To compute \(\chi_C(x)\), expand from the definition of \(\chi_C(x)=\det(xI - C)\) and use basic properties of determinant of matrices it can be deduced that \(\chi_C(x)=f(x)\). To prove that \(\mu_C(x) = f(x)\), suppose that \(\deg(\mu_C(x)) = d < n\), then a non-trivial linear combination of the standard basis in \(F^n\) can be constructed, which contradicts to the definition of a basis. Hence \(d=n\) and \(\mu_C(x) = \chi_C(x)\) as \(\chi_C(C) = O\) by direct verification where \(O = O_{n\times n}\) is the \(n\times n\) zero matrix$.

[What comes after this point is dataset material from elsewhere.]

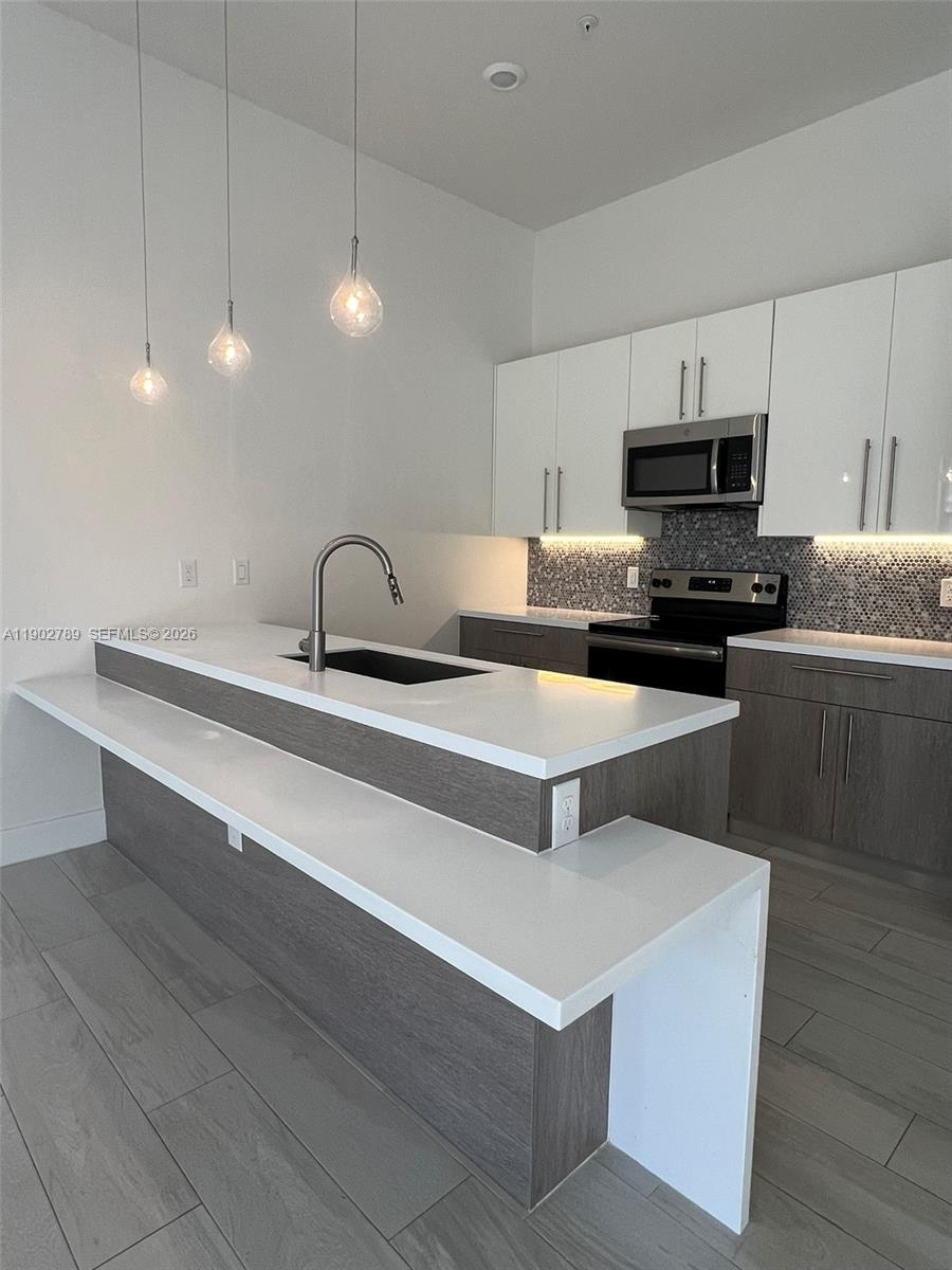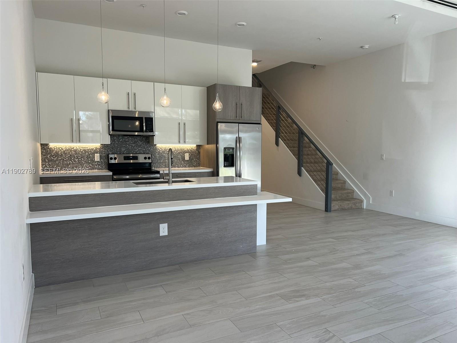 This beautiful 2-story townhouse is located in the desirable gated community of Strata at Plantation. High ceilings and an open floor plan create a bright and elegant atmosphere throughout the unit. The kitchen with sleek European cabinetry, stainless steel appliances, and a signature island is perfect. Designer bathrooms and contemporary finishes add a luxurious touch. Ceramic tile on the main level and plush carpeting upstairs. The primary suite features a spa-like bathroom, a closet, and a private balcony. The 2 bedrooms are filled with natural light. Sliding glass doors from the living room open to a common garden area, ideal for outdoors. Close to The clubhouse.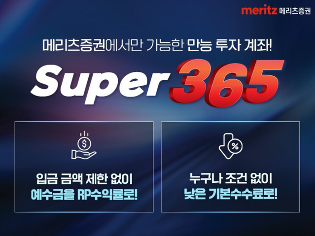 메리츠증권은 리테일 사업 시장지위가 낮은 약점을 극복하고자 디지털을 통한 리테일 비즈니스에 주력하고 있다고 25일 밝혔다.비대면 전용 종합 투자계좌 슈퍼(Super)365 계좌 내 예탁 자산이 1200억원을 돌파하며 큰 인기를 끌고 있다. 별도 광고 없이 입소문 만으로도 예탁 자산이 빠르게 늘어나며 회사 주력으로 자리잡았다.이 계좌는 투자를 하지 않아도 보유한 현금에 일복리 이자수익을 제공하는 ‘RP 자동투자 서비스’를 비롯해 국내외 주식, 펀드, 채권 등 다양한 금융투자상품을 국내 최저 수준 수수료로 거래할 수 있는 온라인 전용 종합 투자계좌다.지난 12월 출시된 슈퍼365 계좌는 오픈서베이를 통해 비대면 증권계좌 고객 1000명 대상 진행한 설문조사를 바탕으로 이자 수익과 수수료를 중요시하는 고객 니즈를 반영해 설계됐다.핵심 서비스인 RP 자동투자는 계좌 내 보유 현금을 매 영업일 기준 하루에 한번 지정된 시각에 자동으로 투자하고 다음날 자동 매도해 일복리 투자를 가능하게 하는 서비스다.이는 증권사 계좌에서 높은 이자를 받기 위해 매번 별도의 CMA 계좌로 현금을 이체하거나 수시 RP상품을 매매해야 하는 단점을 획기적으로 개선해 높은 예수금 이자와 더불어 언제든지 주식 및 상품 매매와 출금이 가능한 장점이 있다.은행의 적금통장이나 증권 CMA 계좌가 특정 기간이 지나거나 출금 신청을 해야만 이자를 받을 수 있었던 것과는 달리 해당 계좌는 별도의 신청 없이 자동으로 보유 현금에 일복리 이자수익을 제공한다. 원화와 미국 달러 모두 금액 한도 없이 대기자금에 대해 원화 3.15%, 달러 4.2%의 이자를 받을 수 있다.예를 들어 계좌 내 원화 기준 예수금이 3000만원 있을 경우 매 영업일 기준 세전 평균 약 3600원이 제공된다. 직장인 왕복 출퇴근 대중교통 비용 수준의 금액이다. 1억원 예치 시에는 영업일 기준 세전 평균 약 1만2000원이 이자로 제공돼 직장인 한끼 점심값 해결이 가능하다.회사는 고객 편의를 위해 비대면 계좌 개설 프로세스도 간소화했다. 계좌 개설방식, 온라인 이체한도 설정, 위탁증거금율 설정 등 불필요한 단계를 줄이고 상세 페이지도 직관적으로 재구성했다.또한 계좌 개설 최초 단계에서 관리자 없이 운영되는 디지털센터 관리 계좌와 전문 PB에게 상담과 자산관리를 받을 수 있는 영업점 관리 계좌를 구분해 모바일 앱 ‘메리츠 SMART’에서 투자 성향과 목적에 맞춰 계좌 개설이 가능하다. 디지털센터 관리 계좌로 설정 시에는 이제부터 슈퍼365 계좌가 메인 계좌로 설정된다.회사 관계자는 "슈퍼365 계좌는 고금리 시기에 고객들이 최상의 조건에서 투자와 자산관리에 임할 수 있도록 모든 혜택을 집대성했다"며 "앞으로도 개인투자자들에게 보다 나은 혜택을 제공하기 위해 메리츠증권만의 차별화된 상품과 서비스를 지속적으로 개발할 예정"이라고 말했다.

Speaking of the rank of a companion matrix \(C=C(f(x))\), it can be immediately summarized as follows:

  • If \(C\) is non-singular, then \(\text{rank}(C) = n\).
  • If \(C\) is singular (i.e., when \(f(0) = a_0 = 0\)), then \(\text{rank}(C) = n-1\).

Let \(C = C(f(x))\) be the companion matrix of a monic \(f(x)\in F[x]\), it can be argued that \(C\) is the matrix representation of linear operator \(T: V \to V\) on a finite-dimensional vector space \(V\) over a field \(F\) with respect to some ordered basis \(\beta\) in \(V\). The construction is: let \(V=F^n\) and \(T:V\to V\) defined by \(T(v)=Cv\), the left multiplication of \(v\) by \(C\). and let \(\beta=\{e_1, T(e_1), \cdots, T^{n-1}(e_1)\}\). By the definition of \(C\), \(beta\) is linearly independent over \(F\) and therefore is a basis for \(V\). By the definition of the matrix representation,

\[[T]_{\beta} = C(f(x))\]

Let \(V\) be a finite-dimensional vector space over \(F\) and \(T:V\to V\) be a linear operator. Let \(v\in V\). consider the \(T\)-annihilator \(\mu_v(x)\) of \(v\), the monic polynomial \(p(x)\in F[x]\) with minimal degree such that \(p(T)v=0\). Let \(\mu_v(x) = f(x)\) and \(\deg(f(x)) = n\). Consider the set \(\beta=\{v, T(v),\ldots,T^{n-1}(v)\}\). Define

\[C_v = \text{span}(\beta)\]

The subspace \(C_v\) of \(V\) will be called the cyclic subspace of \(v\) (in \(V\)). Note that \(C_v\) depends on the underlying \(T\) as well but is usually omitted as the linear operator \(T\) being discussed is fixed throught the context.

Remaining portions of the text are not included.